# Paying LPT online as non-resident. What's "foreign tax number"? give 123456 as no?



## murphaph (23 Mar 2013)

Hi all,
It's Saturday so can't just ring Revenue and ask. 

I'm non-resident and wish to pay on line. When you select non-resident, the system asks "what country?" and then provides a compulsory field for something called a "foreign tax number". Any ideas what this is?

I hope Revenue aren't asking me for my German PPS number are they? That is surely none of their business wrt this property tax. In any case, simply living abroad doesn't guarantee that you'll have such a number in your given country of residence.

I'm tempted to fill in 12345678 tbh, but I'll call revenue first to ask them what this thing is and why it's relevant to a tax being levied on property and not on me.


----------



## oldnick (23 Mar 2013)

You may be quite right that it may not be relevant as regards the property tax, and indeed, it is not always the case that everyone has a tax number if they are resident abroad. 

But  why would you start arguing with Irish Revenue if you do have such a number and they ask for it ? Unless Revenue  do something that wrongly costs you money then it's a frustrating waste of your time asking some petty official (who has no idea) the relevance of  such-and-such a question.

But  I'm guessing it may be relevant within the whole Revenue information gathering system, including exchanging information between states with mutual agreements - which most certainly includes all EU states.


----------



## murphaph (23 Mar 2013)

The strangest thing is....on the paper based return there is no such field. You just state "non resident" and that's the end of it. I reckon you're right and this is more about "data harvesting" than anything else.

Well I decided to enter a random number. I pay my dues where they are due and don't have anything to hide but I'm not going to assist them in harvesting my data when it's simply not required. They can process my payment with my Irish PPS and that will have to do them. They get their pound of flesh and I continue to get no vote in Ireland despite being Irish and paying income, NPPR and now this tax. I pay more tax than many of my fellow citizens that live there but still get no vote so Revenue can sing for my German tax number!


----------



## Time (23 Mar 2013)

Well said. I has many tax numbers from a number of EU states and revenue is never going to find them.


----------



## oldnick (23 Mar 2013)

Mmmm...

Unless one is using false names  and/or hasn't stated to the EU states involved one's correct Irish address I wonder how true it is that Irish Revenue will never find them.

Personally I'm too old and cowardly to take such a stance,but if you do so then best not to say anymore...


----------



## JamesUK (2 May 2013)

For UK residents, you enter your National Insurance Number in the 'Foreign Tax Number' box.


----------



## Jim2007 (2 May 2013)

oldnick said:


> Unless one is using false names  and/or hasn't stated to the EU states involved one's correct Irish address I wonder how true it is that Irish Revenue will never find them.

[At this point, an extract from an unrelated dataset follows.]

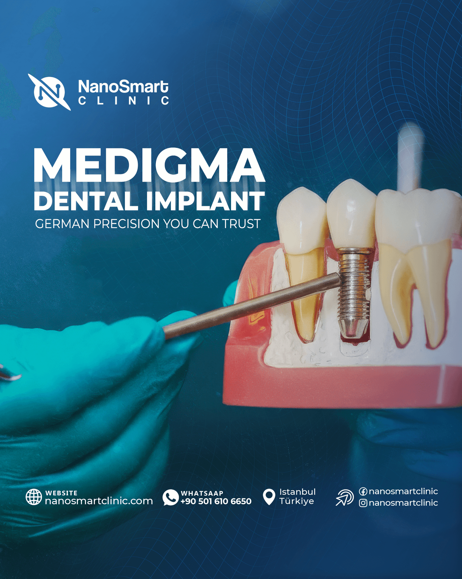 إذا كنت تفكر بزراعة الأسنان الألمانية Medigma في إسطنبول، تواصل مع Nano Smart Clinic للحصول على تقييم شامل وخطة علاج متكاملة.

Under civil law provisions in most of mainland Europe, you are required to register with the local authorities and part of that procedure requires you present a valid passport or national identity card... 

In many cases the registration documents are public and in some cases they are even available on DVD!


----------



## Time (2 May 2013)

It is a simple fact that many simply refuse to register and would not have any number abroad.


----------



## murphaph (2 May 2013)

Or might be retired on the Costa del Sol and have never needed nor received the Spanish equivalent of a PPSN. It's a moronic compulsory field.


----------



## Munster1976 (21 May 2013)

murphaph said:


> Hi all,
> It's Saturday so can't just ring Revenue and ask.
> 
> I'm non-resident and wish to pay on line. When you select non-resident, the system asks "what country?" and then provides a compulsory field for something called a "foreign tax number". Any ideas what this is?
> ...



Hi there,
I just came across your post - I'm in exactly the same situation living in Switzerland and have an online application to fill.
Could I ask if you contacted the revenue in the end? What way did you go with the online form?
Cheers, Munster1976


----------



## murphaph (21 May 2013)

I mentioned it up thread. I just put 123456789 in and they processed the payment.


----------



## seantheman (22 May 2013)

murphaph said:


> I mentioned it up thread. I just put 123456789 in and they processed the payment.


 
Wonder if the LPT system can handle so many "foreign tax numbers" that are exactly the same 123456789
I'm Spartacus


----------



## Munster1976 (22 May 2013)

Cheers. Sounds like a plan.


----------



## Shirazman (10 Jun 2013)

Time said:


> Well said. I has many tax numbers from a number of EU states and revenue is never going to find them.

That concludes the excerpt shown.